▶ WORK INSTRUCTIONS:
In the copy, keep the lines from the first line of the material below through the line containing "Человека окружает поле" exactly as they are, and include no pictures.

-*-*-

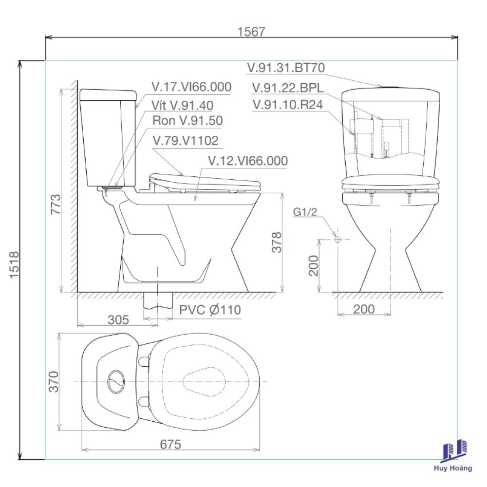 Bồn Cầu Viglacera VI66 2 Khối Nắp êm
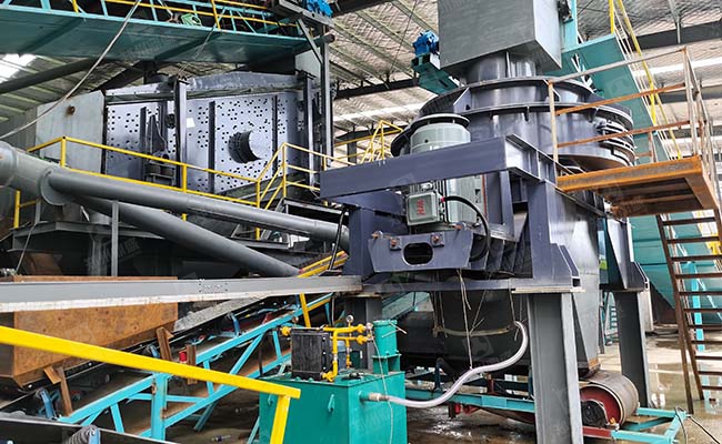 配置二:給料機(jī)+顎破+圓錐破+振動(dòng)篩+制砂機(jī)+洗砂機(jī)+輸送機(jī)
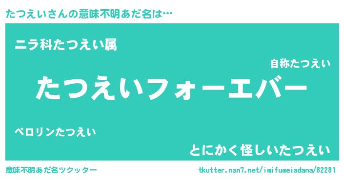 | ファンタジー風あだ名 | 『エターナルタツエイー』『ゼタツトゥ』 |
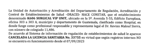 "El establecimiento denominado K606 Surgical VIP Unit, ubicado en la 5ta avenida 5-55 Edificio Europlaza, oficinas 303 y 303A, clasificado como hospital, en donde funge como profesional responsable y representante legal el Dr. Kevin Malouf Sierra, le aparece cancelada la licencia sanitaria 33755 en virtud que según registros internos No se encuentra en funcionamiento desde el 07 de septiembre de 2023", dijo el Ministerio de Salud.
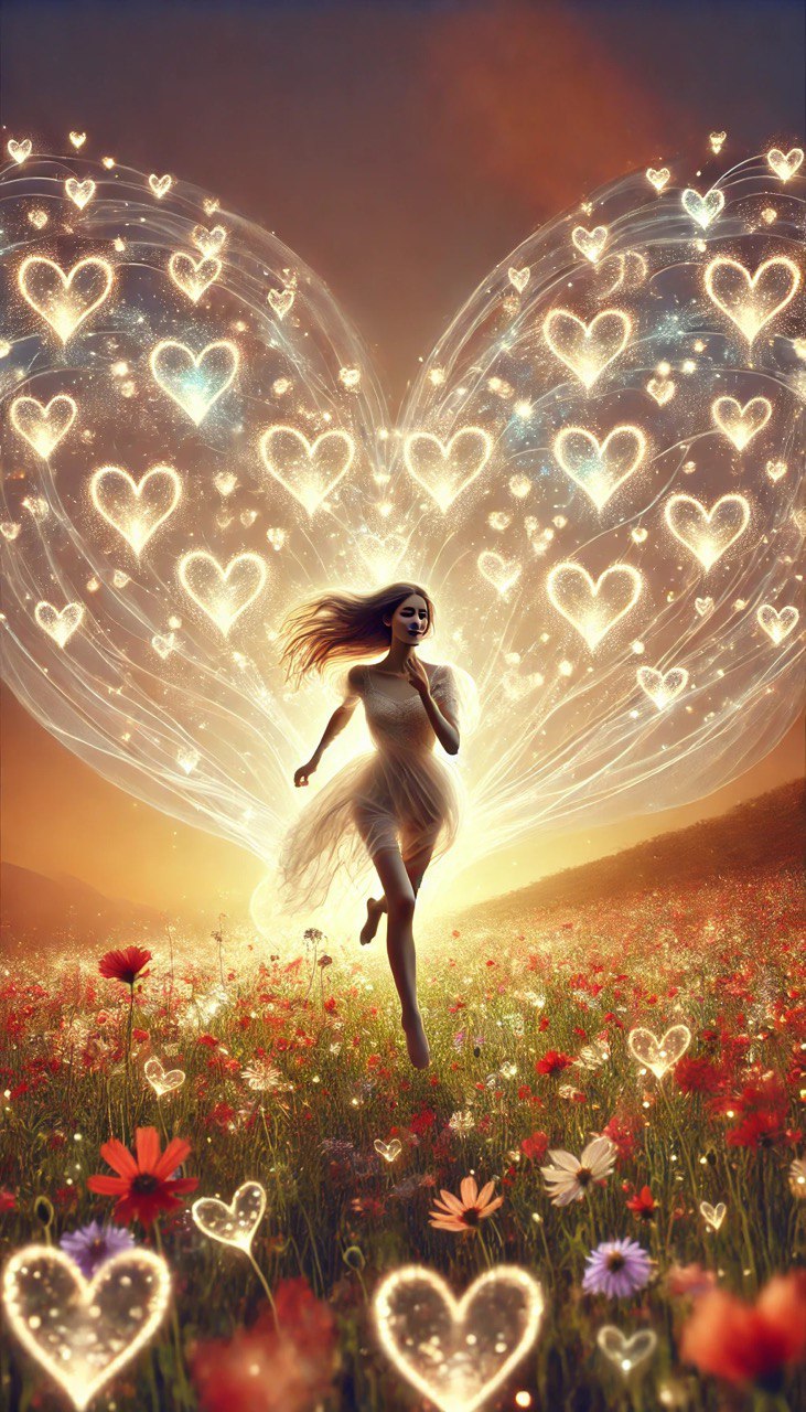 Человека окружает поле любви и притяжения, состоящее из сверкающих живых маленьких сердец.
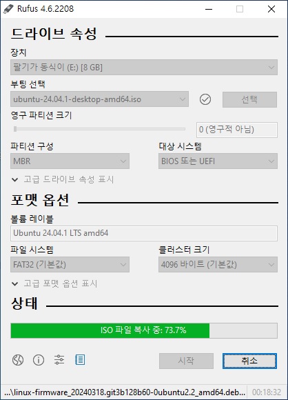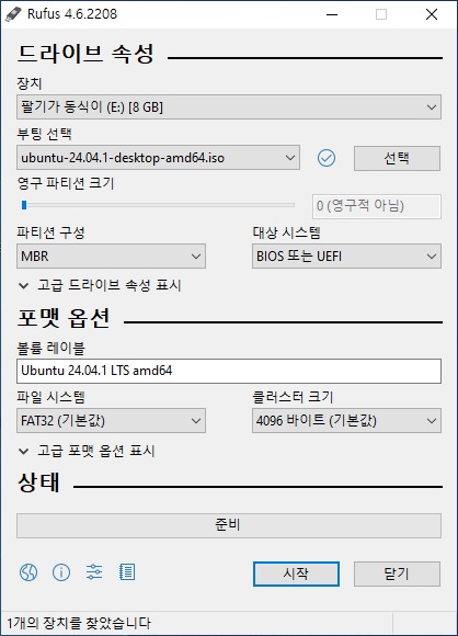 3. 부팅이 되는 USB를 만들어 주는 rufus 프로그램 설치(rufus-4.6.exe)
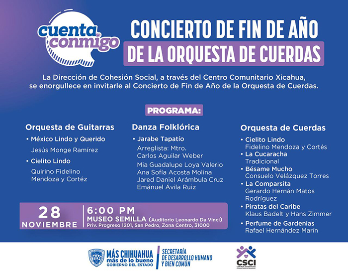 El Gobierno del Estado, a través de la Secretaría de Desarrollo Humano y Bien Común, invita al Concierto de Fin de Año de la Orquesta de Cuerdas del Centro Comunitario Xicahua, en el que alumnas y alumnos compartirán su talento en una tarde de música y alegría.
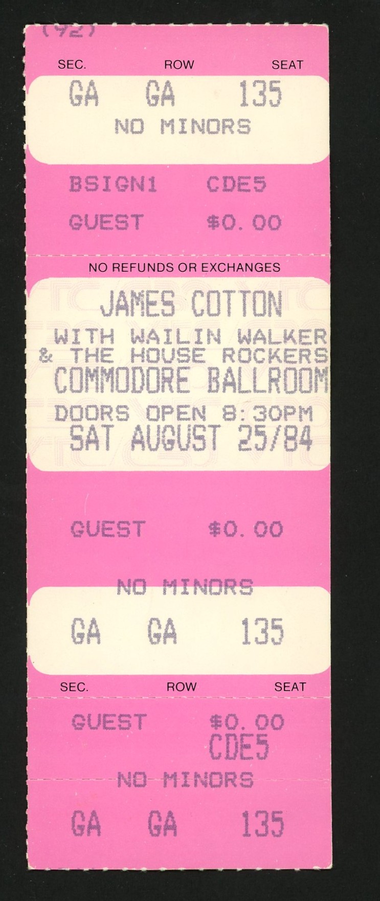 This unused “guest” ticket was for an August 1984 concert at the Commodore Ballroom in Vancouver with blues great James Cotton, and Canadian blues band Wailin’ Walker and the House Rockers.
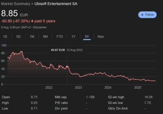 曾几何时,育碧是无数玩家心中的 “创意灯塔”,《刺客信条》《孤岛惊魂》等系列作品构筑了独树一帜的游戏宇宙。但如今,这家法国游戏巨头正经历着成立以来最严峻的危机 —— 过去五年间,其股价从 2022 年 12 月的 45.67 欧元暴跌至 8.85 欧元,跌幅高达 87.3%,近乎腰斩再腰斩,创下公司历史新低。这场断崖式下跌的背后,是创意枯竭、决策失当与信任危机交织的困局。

-*-*-

▶ REPLY TO THE EXERCISE:
 Bồn Cầu Viglacera VI66 2 Khối Nắp êm
 配置二:給料機(jī)+顎破+圓錐破+振動(dòng)篩+制砂機(jī)+洗砂機(jī)+輸送機(jī)
 | ファンタジー風あだ名 | 『エターナルタツエイー』『ゼタツトゥ』 |
 "El establecimiento denominado K606 Surgical VIP Unit, ubicado en la 5ta avenida 5-55 Edificio Europlaza, oficinas 303 y 303A, clasificado como hospital, en donde funge como profesional responsable y representante legal el Dr. Kevin Malouf Sierra, le aparece cancelada la licencia sanitaria 33755 en virtud que según registros internos No se encuentra en funcionamiento desde el 07 de septiembre de 2023", dijo el Ministerio de Salud.
 Человека окружает поле любви и притяжения, состоящее из сверкающих живых маленьких сердец.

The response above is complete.